Andrew had actually bought a copy of City of Stairs, the first book in Robert Jackson Bennett’s Divine Cities series, so I decided to try the novelty of reading a paper book rather than on my Kobo.

The story begins with a man on trial for using a symbol of a Divinity as part of his advertising.  In this world, the Continentals are banned from any mention of their Divinities, or any use of their symbols, and thus also from studying any of their history, by the conquering Saypuri.  The trial is interrupted by the news that a Saypuri scholar, known for studying the history of the Continent has been murdered, apparently by Continentals enraged that a foreign colonist is permitted to study in depth something about them that they themselves are not allowed to know.

So at first glance, we have the wicked colonial power oppressing the downtrodden indigenous population, and we know what side we should be on.

Except that within a couple of chapters, we learn that the reason for the conquest of the Continent is that the Continentals and their Divinities had enslaved the Saypuri for centuries, until the Saypuri rose up in rebellion, killed the Divinities, and conquered their people.

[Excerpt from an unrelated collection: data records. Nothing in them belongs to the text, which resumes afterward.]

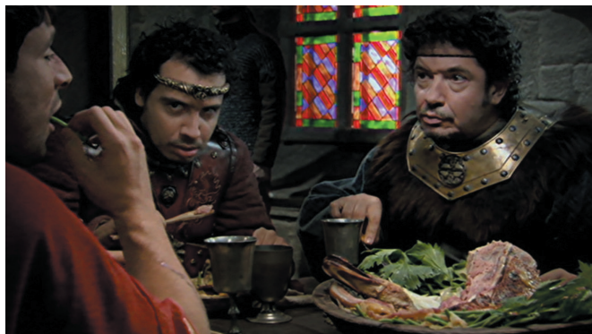
Le dernier empereur (Livre I, épisode 56)
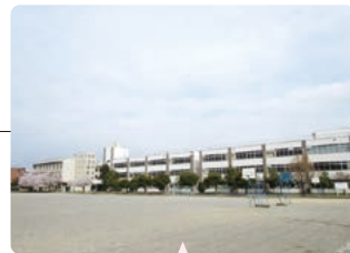
校庭から見た校舎の風景

明治6年に設立され、154年目を迎える歴史と伝統ある本校では、不易と流行を見据え、子どもたちにとってどのような力が必要かを見通し、地域とともに子どもたち育む教育活動を進めてきました。本校では、校訓である「強く 正しく 睦ましく」の精神を中核に、子どもたちが多様な環境を柔軟に受け入れ、自分らしく生き抜いていく「生きる力」を学校教育目標に掲げ、知・徳・体のバランスのよい確かな学力の育成はもとより、持続可能な社会の担い手として、自分の力で考え、判断し、行動する「未来を拓く力」を育成すべく、様々な教育活動を進めています。
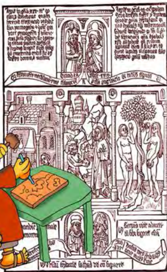
BIBLIA PAUPERUM (1410-1420)
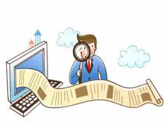
<법·제도 개선 활용>
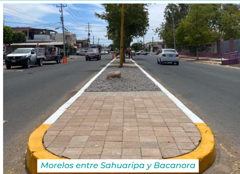
Morelos entre Sahuaripa y Bacanora
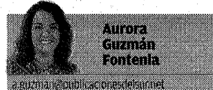
Aurora Guzmán Fontenla

CURSO Los alumnos participan en el proyecto de detección y estímulo del talento matemático 'Estalmat' y son ejemplo de esfuerzo y responsabilidad
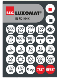
IR-PD-KNX Nº de artículo: 92123

Dimensiones: Ø 200 x 90 mm Resistencia a impactos: IK09 Carcasa: rejilla de acero texturizado
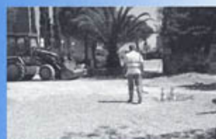
▲ Moteille : réfection de la voirie avenue de la Pérouse
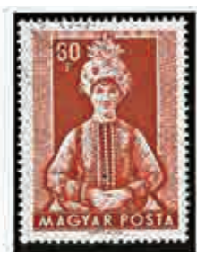
▲「各地區婦女民族服裝」郵票

夏衍，原名沈乃熙，中國著名文學、電影、戲劇作家，文藝評論家，翻譯家，社會活動家。建國後歷任上海市委常委、宣傳部長、文化部副部長、中國文聯副主席、中日友協會長、中顧委委員等，他還是中國第一代集郵家，在集郵界享有盛譽。今次的展品均為夏衍和他的家人多次捐贈給上海博物館。牽出一段「個人雅好」皈依「國家情懷」的佳話。
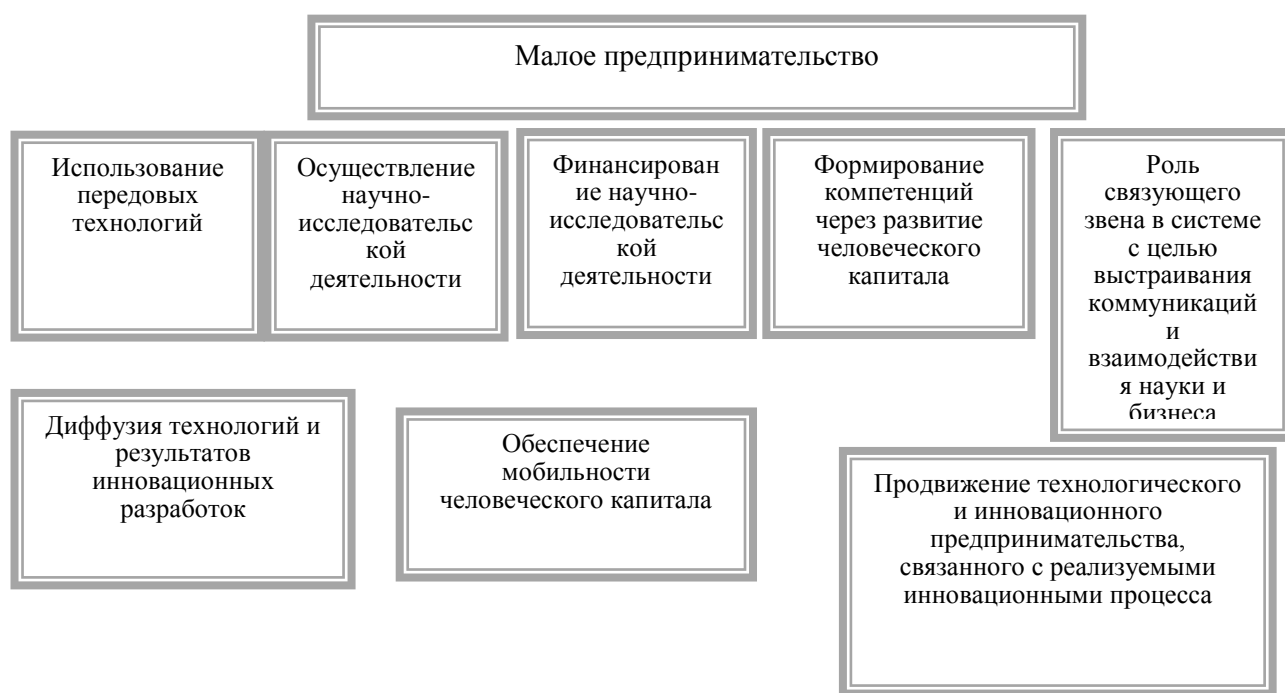
Рисунок. 2 Взаимосвязь инновационной системы и малого предпринимательства
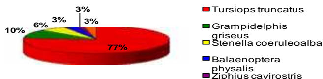
Grafikon 1. Vrste na ene u Jadranskom moru 2001./ 2002. godine

Osim procjenjivanja veličine i rasprostranjenosti populacije dobrog dupina u zadnjih dvadesetak godina istraživačkim brodicama, istraživanje se provelo i u dva navrata iz 4 mala aviona, kada je bio bilježen njihov položaj i broj. Velika populacija dobrog dupina, kao jedinog stalnog stanovnika Jadrana, procijenjena je na 250 jedinki rasprostranjenih po cijelom Jadranu. Prema istraživanjima u posljednjih desetak godina, ova se populacija s obzirom na prisutni broj životinja smatra stalnom (Gomer i sur. 1998).
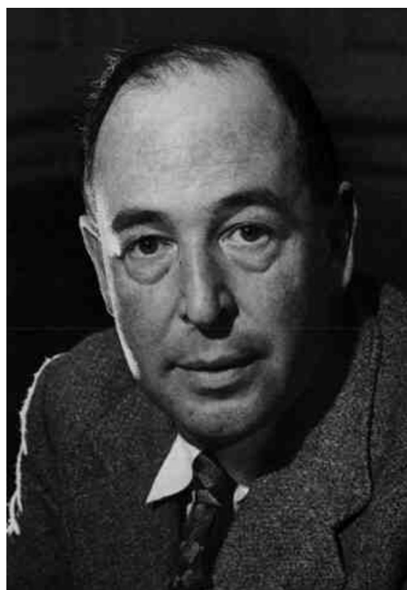
Clive Staples Lewis autor "Opowieści z Narnii"
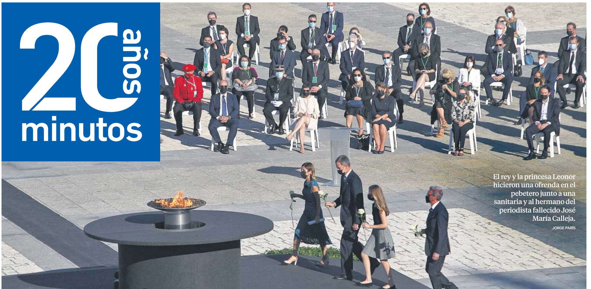
El rey y la princesa Leonor hicieron una ofrenda en el pebetero junto a una sanitaria y al hermano del periodista fallecido José María Calleja.
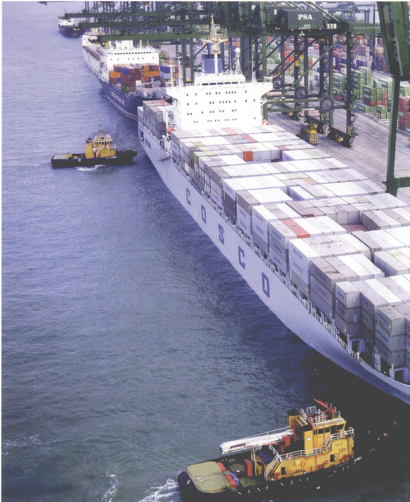
中远集团 3800TEU 型集装箱船“珍河”号
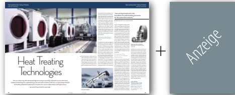
Doppelseite PR-Profil + Anzeige (210 x 280 mm)
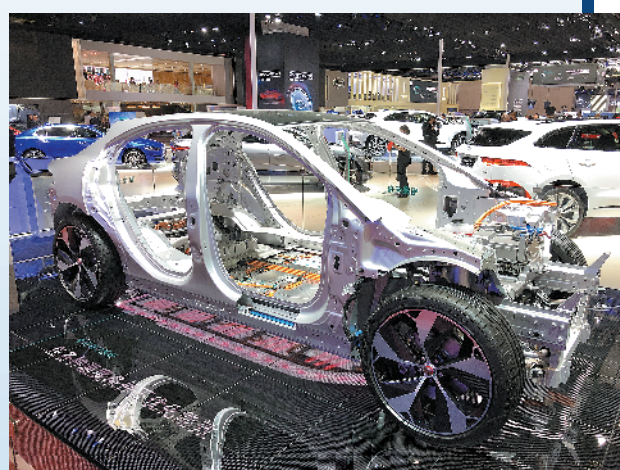
新能源车未来前景看好

这些获奖企业及车型,在 2019 年以实力说话,充分获得市场及消费者认可,以“破冰者”的勇气与姿态,引领车市不断前行。
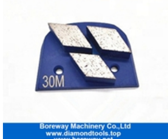
Chaussures de meulage à trois segments
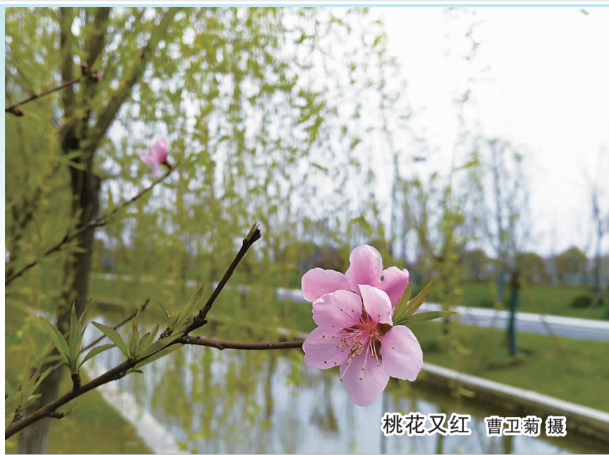
桃花又红
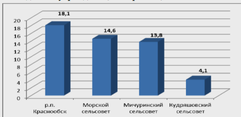
Рисунок 2. Темп прироста населения в населенных пунктах Новосибирского сельского района, 2015 г. к 2010 г., % 6

Сложное положение с образовательными учреждениями и в других населенных пунктах Новосибирской области. В ряде населённых пунктов, где проживало от 100 до 700 и более жителей, не было ни одного образовательного учреждения (таблице 1). В большинстве населенных пунктов с числом жителей менее 100 человек данных учреждений, как правило, нет.
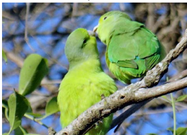
37 PERIQUITO Forpus xanthopterygius – PSITTACIDAE Mascota
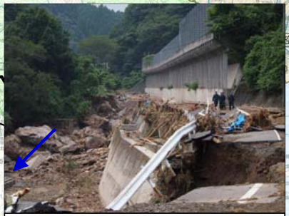
⑨島根県 高津川水系名賀川 ※高津川水防センターより、袋詰玉石120袋提供
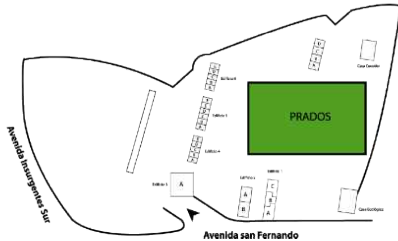
Estructura del Parque Ecológico Loreto y Peña Pobre.

Para ejemplificar los costos inaccesibles para la mayoría de la población, describiré con mayor detalle dos talleres que durante mi investigación tuvieron mayor actividad:
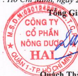
Quách Thành Đồng
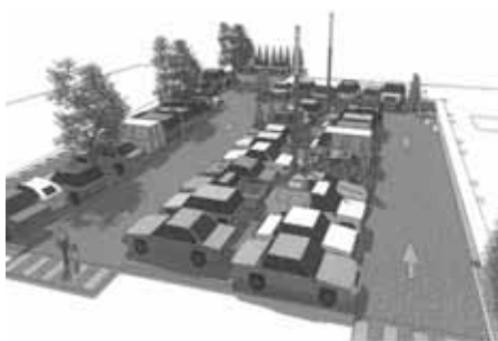
Aita Mariko aparkalekuaren proiektua.

Which puts a different complexion on the whole thing, and makes it a little harder to work out who is wrong.  And even that is an oversimplification, because while the Divinities are supposedly all dead, some of their Miracles still work, one of them disappeared long before the conquest, and there are few, if any, witnesses to the death of at least one of them.

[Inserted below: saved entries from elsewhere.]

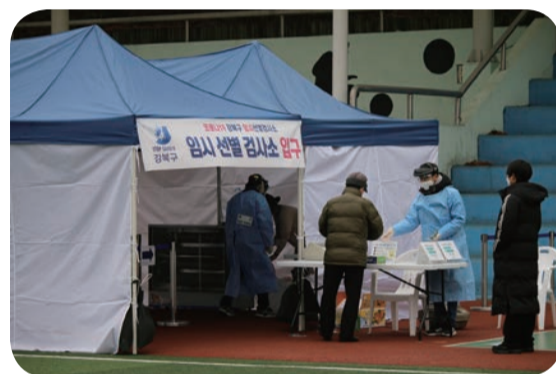
* 사진: 강북구보건소 임시선별진료소에서 코로나19 검체를 채취하는 정아지 회원의 모습
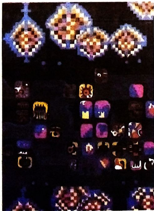
"Pictografía XXVII" (Pintura)
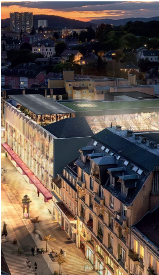
Un accès indépendant permettra de rejoindre directement le casino, situé au 3 e étage, sans passer par les Nouvelles Galeries.

Fort de son label Ville Touristique, la Ville de Belfort annonce aujourd'hui son projet d'implantation d'un casino en cœur de ville . Cette opportunité majeure permettra de diversifier l'offre de loisirs, de dynamiser l'économie locale et de renforcer le rayonnement du territoire. Pensé comme un véritable lieu de vie, de rencontre et de divertissement, ce futur équipement contribuera pleinement à l'attractivité du centre-ville.
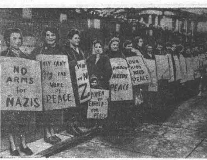
Английский народ протестует против того, что правительство Англии по требованию американских империалистов содействует возрождению немецкого милитаризма.

«Наш проект относительно принципов разрешения вопросов пункта 5-го повестки дня сам по себе ясен и не оставляет места для неправильных толкований. Термин «заинтересованные правительства» каждой из сторон в этом проекте означает, разумность, правительства заинтересованных стран со стороны корейской Народной армии и китайских народных добровольцев и правительств заинтересованных стран со стороны командования Объединенных Наций».
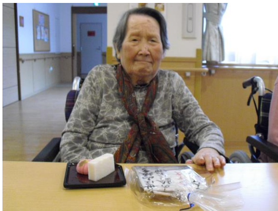
「ありがたく頂戴いたします」
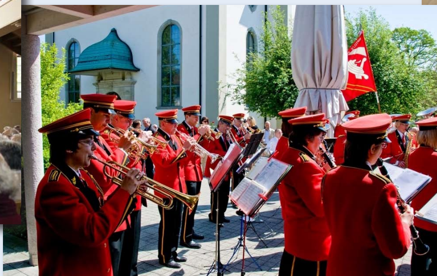
Ständli mit der Stadtmusik Kloten nach deren Mitwirkung im Gottesdienst
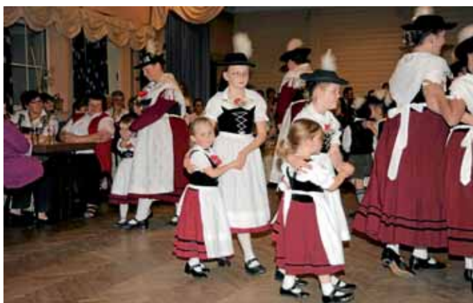
Stolz präsentierte die Manchinger Trachtenjugend auf dem Heimatabend, was sie gelernt haben Max Schmidtnr

Der Obst- und Gartenbauverein Manching lädt alle Mitglieder und Gartenbaufreunde am Freitag, dem 25. November, ab 19.30 Uhr in das Gasthaus im Sportpark zur Weihnachtsfeier ein. Den besinnlichen Teil gestaltet die Oberstimmer Hoagarten-Musi. Max Schmidtnr
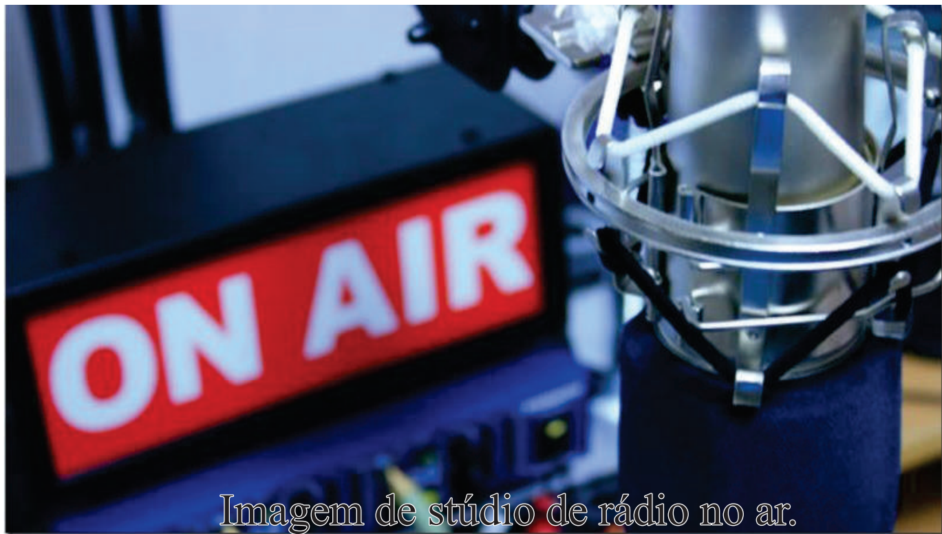
Imagem de estúdio de rádio no ar.
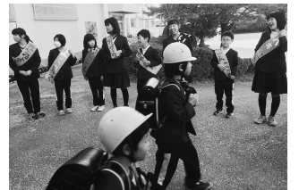
▲あいさつボランティア隊

どもたちも、次第に元気のよいあいさつを友達や教職員、来校される人に対してできるようになってきています。
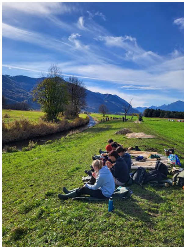
Abbildung 5: Brotzeitpause an der Lehrbaustelle im Bergener Moos, zwischen Bergen und Grabenstätt.
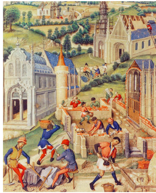
Construcció d'una nova ciutat a França al segle XIV, on començaren evidentment amb les esglésies. Els treballadors probablement eren pagesos pobres que cercaven guanyar-se la vida en la construcció. [ Fig. 364 ]
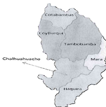
Distritos de la provincia de Cotabamba
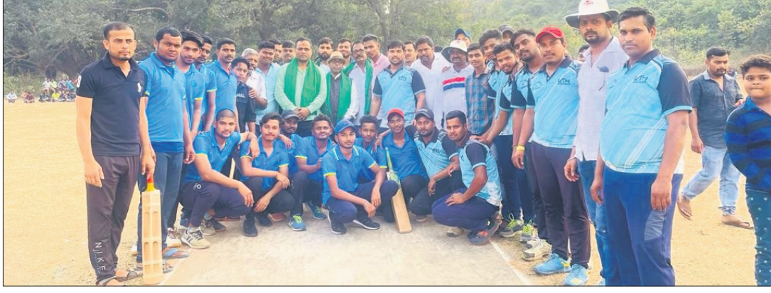
ମା' ମଙ୍ଗଳା କ୍ରିକେଟ କର୍ମର ଫାଇନାଲ ମ୍ୟାଚ ପୂର୍ବରୁ ଅତିଥିଙ୍କ ସହ ଖେଳାଳିମାନେ।

So that is the general shape of the world, and the theology that comes with it is fairly fascinating, and also develops during the book. I liked the fact that the Continent was kind of underdeveloped in terms of science and technology, because the Divinities did everything for them – which gave the Saypuri a huge advantage once the Divinities were gone.  I also liked the way that belief seemed to have changed not just current reality, but history, although that also makes my head turn inside out in uncomfortable ways.

As to the plot – the viewpoint character is Shara Komayd, a Saypuri, and a descendent of the man who killed the Divinities.  She is a friend of the murdered man, and arrives incognito in Bulikov to investigate his death.  Shara is a professional spy, and a scholar of the history and miracles of the Continent, and she travels with an assistant, the piratical Sigrud, who is really excellent at violence.  She quickly finds that the murder has less to do with the scholar’s alleged studies than it has to do with Saypuri and Continental politics.  And possibly religious fanaticism, but then again, possible not.

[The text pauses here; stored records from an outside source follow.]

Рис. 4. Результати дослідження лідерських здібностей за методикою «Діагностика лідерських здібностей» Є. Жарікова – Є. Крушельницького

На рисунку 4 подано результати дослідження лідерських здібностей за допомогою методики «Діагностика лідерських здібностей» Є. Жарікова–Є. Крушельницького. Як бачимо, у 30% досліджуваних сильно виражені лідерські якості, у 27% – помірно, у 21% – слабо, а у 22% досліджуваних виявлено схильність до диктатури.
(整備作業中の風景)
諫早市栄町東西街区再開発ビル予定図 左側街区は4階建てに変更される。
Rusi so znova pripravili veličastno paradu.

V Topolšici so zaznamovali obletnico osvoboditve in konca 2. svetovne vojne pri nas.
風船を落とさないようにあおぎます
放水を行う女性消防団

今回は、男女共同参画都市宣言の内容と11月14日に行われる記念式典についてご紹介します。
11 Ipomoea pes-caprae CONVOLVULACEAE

Also, it turns out that one of the chief movers in Continental politics is her former friend and lover from University, Vohannes Votrov, who is charming and charismatic and tries to hide the fact that he prefers men, which is not OK in Bulikov.  (I have to say, I knew, absolutely and from the start, that there could be no romance between Shara and Vo, not really, but that didn’t stop me from wanting one, or wanting SOME kind of romantic pay off for Vo, because he was a delight.  And there was one, sort of, but it was pretty heartbreaking.)

I also need to mention the governor, Turyin Mulaghesh, who is a wonderfully laconic and practical former military woman who really wants her next posting to be somewhere peaceful, with beaches.  You can sort of tell early in the book that this is not what is going to happen.  She is far too good a character to waste on retirement.

Also, you might want to know that some terribly sad and upsetting things happen in this book.  Bring handkerchiefs.

This is a fascinating book, with complex world-building and excellent characters.  I’d definitely like to read more in the series, though given how much of the scenery got burned to the ground towards the end of the book, I’m wondering just where Bennett can go from here.  But following Mulaghesh around certainly strikes me as a sound strategy.

I don’t think Bujold’s Chalion series is beatable in this category, but this is very, very good, and I definitely want to read more of the series.  I’ve read all the InCryptid books, and like them a lot, but it’s hard to compare a full series against one book.  I’m not sure I have time to read the other two before the nomination season finishes, either, even if I give up on the ‘Best Editor: Short Form’ category entirely.

Anyway, I’m very glad I got to read this one.  It’s clever and twisty and has interesting theology, and the characters are people I care about.  It’s hard to go wrong with that combination.